What you are asked to do >> From the listing that follows, reproduce only the lines from the one holding "Here we have" through the one holding "В апартаментах есть", both included, with no pictures.

Task input >>
* * * * *

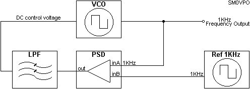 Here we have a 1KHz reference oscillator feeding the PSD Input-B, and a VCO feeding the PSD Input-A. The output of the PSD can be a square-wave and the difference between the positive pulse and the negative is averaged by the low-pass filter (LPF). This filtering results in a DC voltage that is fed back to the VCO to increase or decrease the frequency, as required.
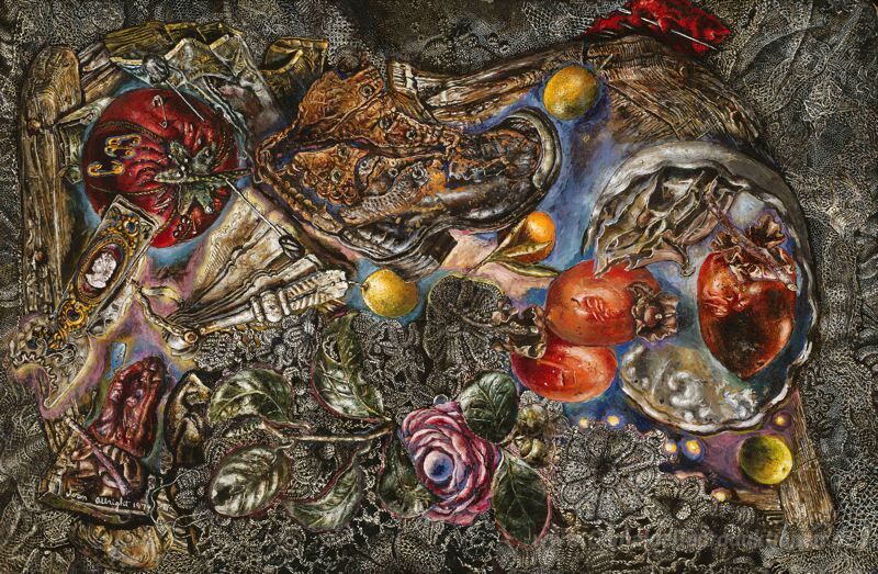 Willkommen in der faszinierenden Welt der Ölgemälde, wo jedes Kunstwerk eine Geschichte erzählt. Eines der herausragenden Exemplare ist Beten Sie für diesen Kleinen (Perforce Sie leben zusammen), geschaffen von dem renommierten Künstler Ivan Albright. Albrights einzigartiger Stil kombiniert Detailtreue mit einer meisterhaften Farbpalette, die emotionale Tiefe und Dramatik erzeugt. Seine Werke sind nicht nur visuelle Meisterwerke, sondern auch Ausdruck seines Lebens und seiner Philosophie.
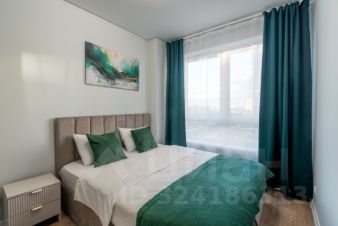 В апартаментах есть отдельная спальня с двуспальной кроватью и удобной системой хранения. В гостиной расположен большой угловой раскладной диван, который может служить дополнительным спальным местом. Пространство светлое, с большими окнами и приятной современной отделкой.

* * * * *

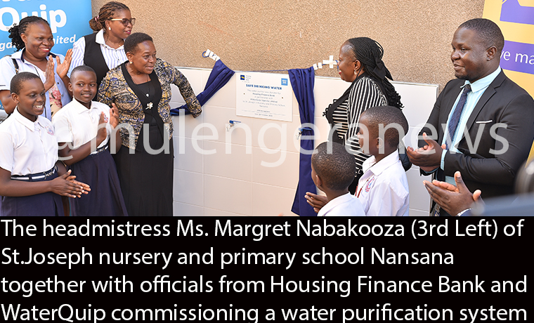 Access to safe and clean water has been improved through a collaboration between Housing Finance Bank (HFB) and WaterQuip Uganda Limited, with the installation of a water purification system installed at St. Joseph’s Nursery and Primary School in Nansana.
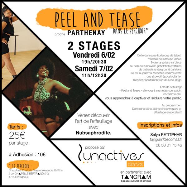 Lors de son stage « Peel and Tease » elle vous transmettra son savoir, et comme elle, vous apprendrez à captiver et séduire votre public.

* * * * *

Exercise result >>
 Here we have a 1KHz reference oscillator feeding the PSD Input-B, and a VCO feeding the PSD Input-A. The output of the PSD can be a square-wave and the difference between the positive pulse and the negative is averaged by the low-pass filter (LPF). This filtering results in a DC voltage that is fed back to the VCO to increase or decrease the frequency, as required.
 Willkommen in der faszinierenden Welt der Ölgemälde, wo jedes Kunstwerk eine Geschichte erzählt. Eines der herausragenden Exemplare ist Beten Sie für diesen Kleinen (Perforce Sie leben zusammen), geschaffen von dem renommierten Künstler Ivan Albright. Albrights einzigartiger Stil kombiniert Detailtreue mit einer meisterhaften Farbpalette, die emotionale Tiefe und Dramatik erzeugt. Seine Werke sind nicht nur visuelle Meisterwerke, sondern auch Ausdruck seines Lebens und seiner Philosophie.
 В апартаментах есть отдельная спальня с двуспальной кроватью и удобной системой хранения. В гостиной расположен большой угловой раскладной диван, который может служить дополнительным спальным местом. Пространство светлое, с большими окнами и приятной современной отделкой.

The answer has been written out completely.